As Baidu stunned the Shanghai auto show with the idea that R&D for autonomous driving would be complete within six months, Huawei, which had repeatedly stated that it would never build cars, unveiled a car.

Autonomous driving  is the only game in town, both for the tech guys and the capital market. According to the Chinese Entrepreneur, from November to March, nine companies raised a total of US$3.4 billion (22.08 billion yuan) in EV projects.

When robots rule the streets

To win the unmanned-driving race, Huawei and Baidu followed the same line: work with automakers, gather data and improve the system. Then Baidu decided to build cars.

Cars filled with passengers, routinely zooming around the streets of Shanghai at rush hour without drivers, still seems a lot further than six months away. Could Baidu, one of the first off the grid in this race, already be around the bend and out of sight?

Baidu has put in 10 million hard kilometers of test driving, according to LI Zhenyu, head of Baidu’s intelligent driving group (IDG). Autonomous vehicles are already in Beijing, Shanghai, and Guangzhou. Baidu Apollo predicts a mass production peak in the second half of this year, and a new car to be launched every month. According to Li, within the year, the smart driving area will include 20 cities, rising to 100 next year.

In 2017, the IDG came up with Apollo. Apollo GO is a worldwide travel service with more than 200,000 passengers. Baidu plans to open Apollo GO self-driving taxis in Beijing and Changsha, expanding to another 30 cities in the next three years. At least 3,000 self-driving taxis will carry 30 million passengers.

During the Shanghai International Automobile Industry Exhibition this year, the latest versions of Apollo's modularized Lego-style products were on display. Carmakers can freely combine off-the-shelf units to customize their intelligent driving systems. Apollo has struck deals with 70 automobile brands, and more than 600 models are equipped with Apollo tech.

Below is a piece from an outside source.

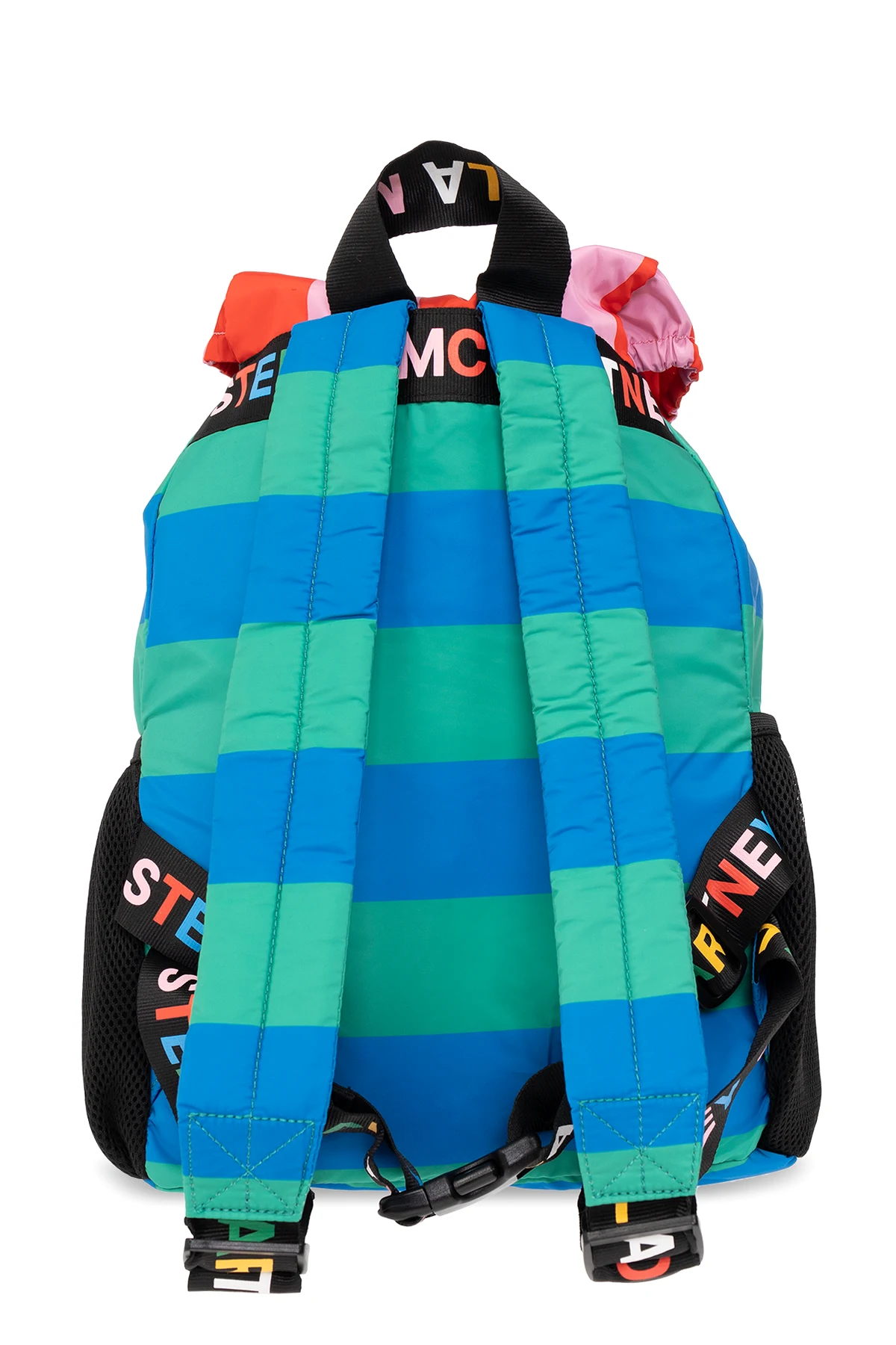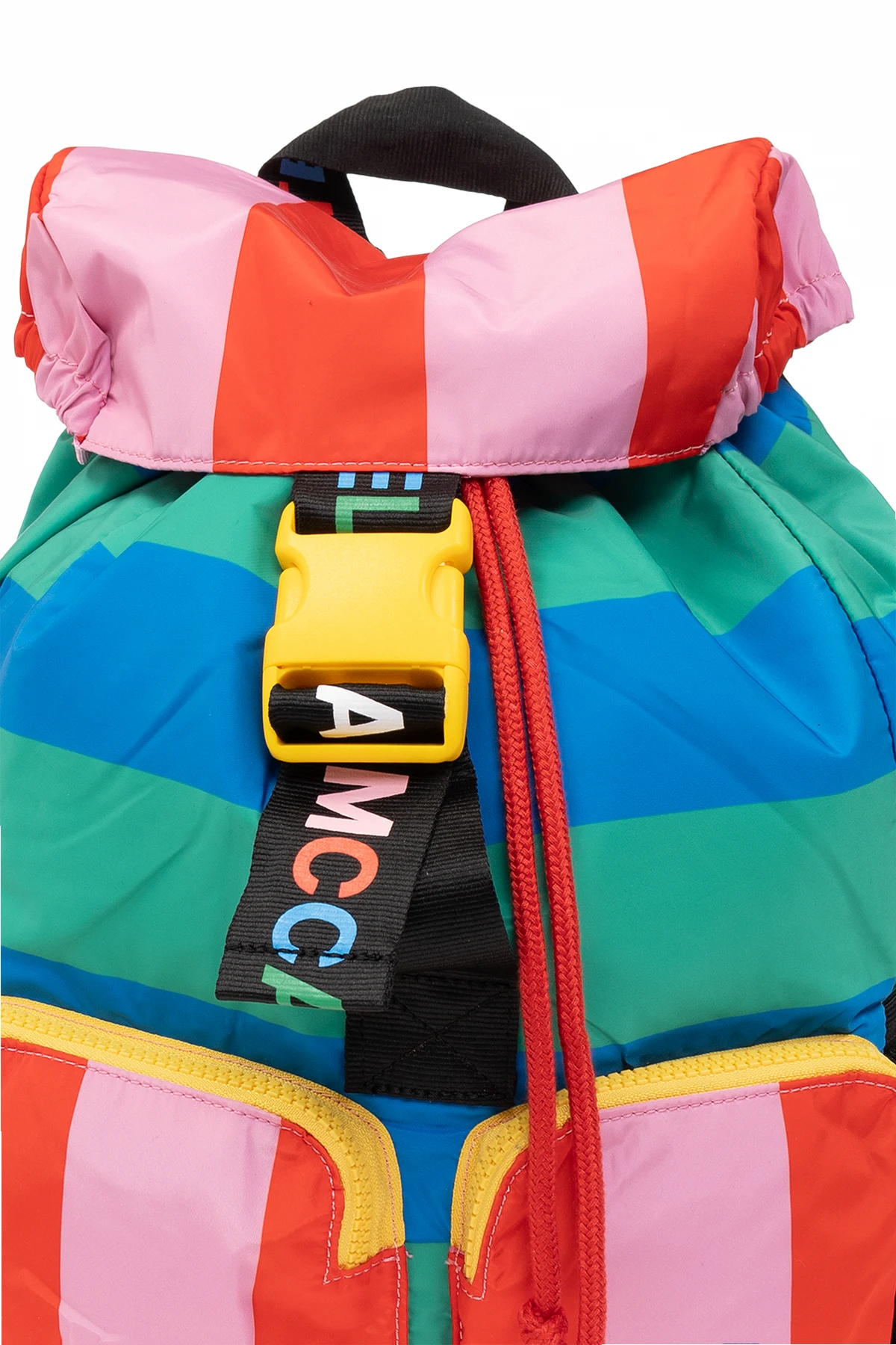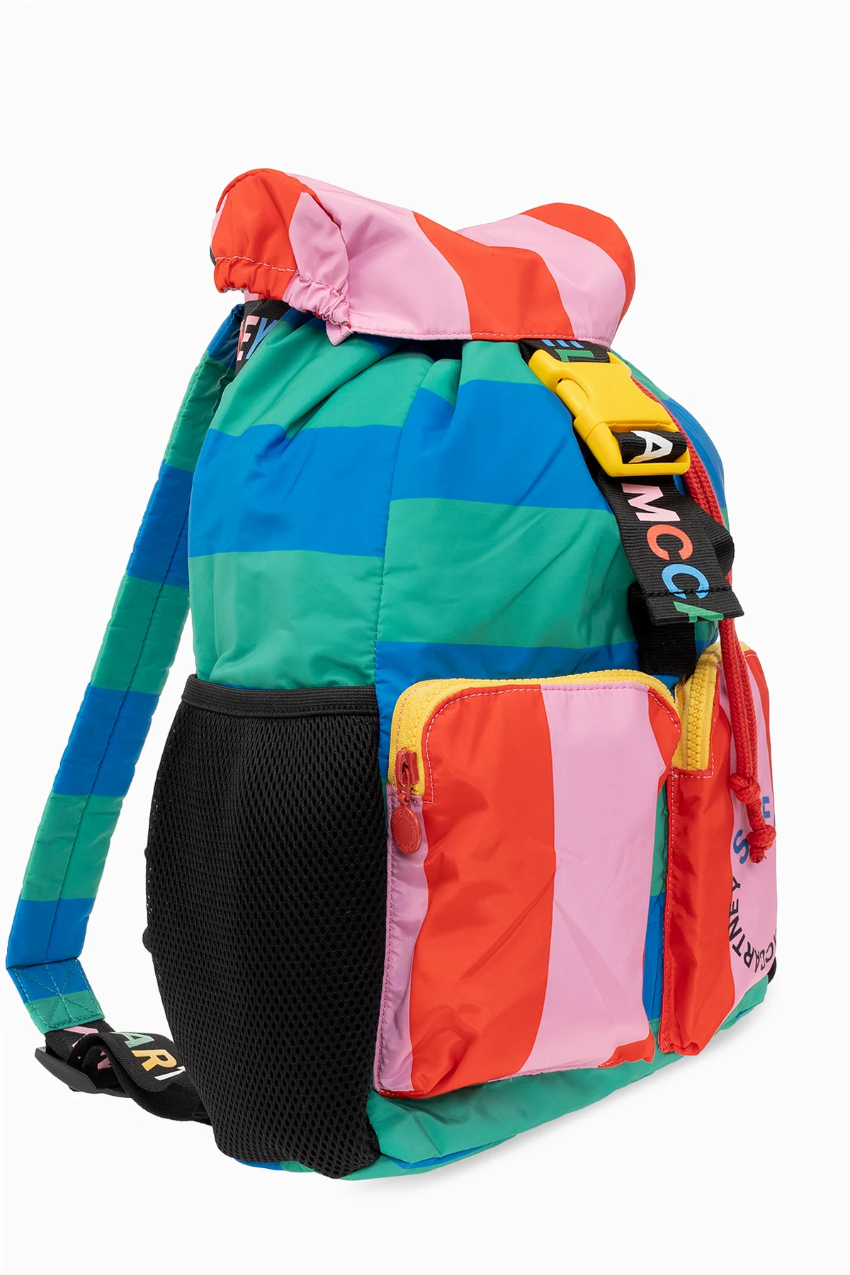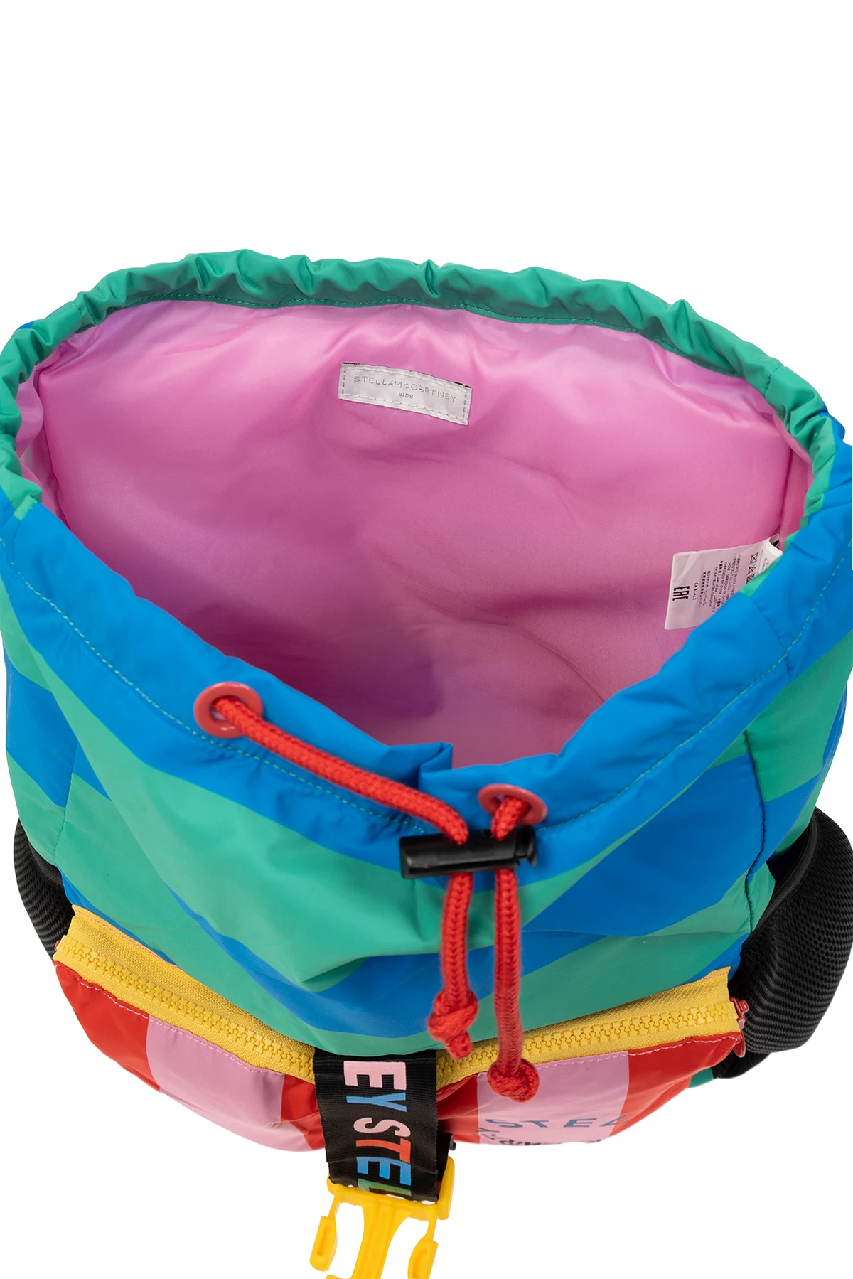 Kolorowy plecak Stella McCartney Kids. Wykonany z materiału pozyskanego z recyklingu. Zamykany na klapę z paskiem na zatrzask. Ozdobiony wzorem w paski oraz logo. Cztery kieszenie: po dwie zamykane na zamek z przodu i wsuwane po bokach. Na górze krótki uchwyt, z tyłu regulowane szelki. Wewnątrz komora ściągana trokami.

Autonomous driving relies on sensors such as radar and cameras, backed up with algorithms, maps, and online resources. Baidu has intensively invested heavily in a number of companies, including Velodyne LiDAR, vision specialist Zhongke Huiyan and WM Motors. These investments show Baidu is still investigating different sensing paths such as "pure vision" and "lidar."

A few days ago, Wang Yunpeng, Baidu's autonomous driving boss, said in an interview that the company understands lidar best, but the system is still a long way from mass production and consequently very expensive. "The price cannot be increased by 100,000 yuan (US$15,400) just because of lidar," he said.

Does Huawei dream of electric cars?

In recent years, Baidu's market value has not prospered, perhaps due to the costs of developing robot cars. But the most difficult times are perhaps behind them. It wasn't until last year that other Internet companies decided to shackle themselves to this millstone and huge costs lie ahead for them all.

Nevertheless, Baidu suddenly faces grim-faced competition into booting it from the marketplace. Huawei, Didi, and Xiaomi are all signed up for their own electric car dreams and for a long time in the future, it looks like Huawei and Baidu will be at each other's throats.

When Baidu was growing up, the NEV market was all green fields where harmless boffins frolicked. It seems highly unlikely that a company that grew up in this benign environment will emerge as the chosen one when the bloodletting is tough. Only the lucky and strong will survive.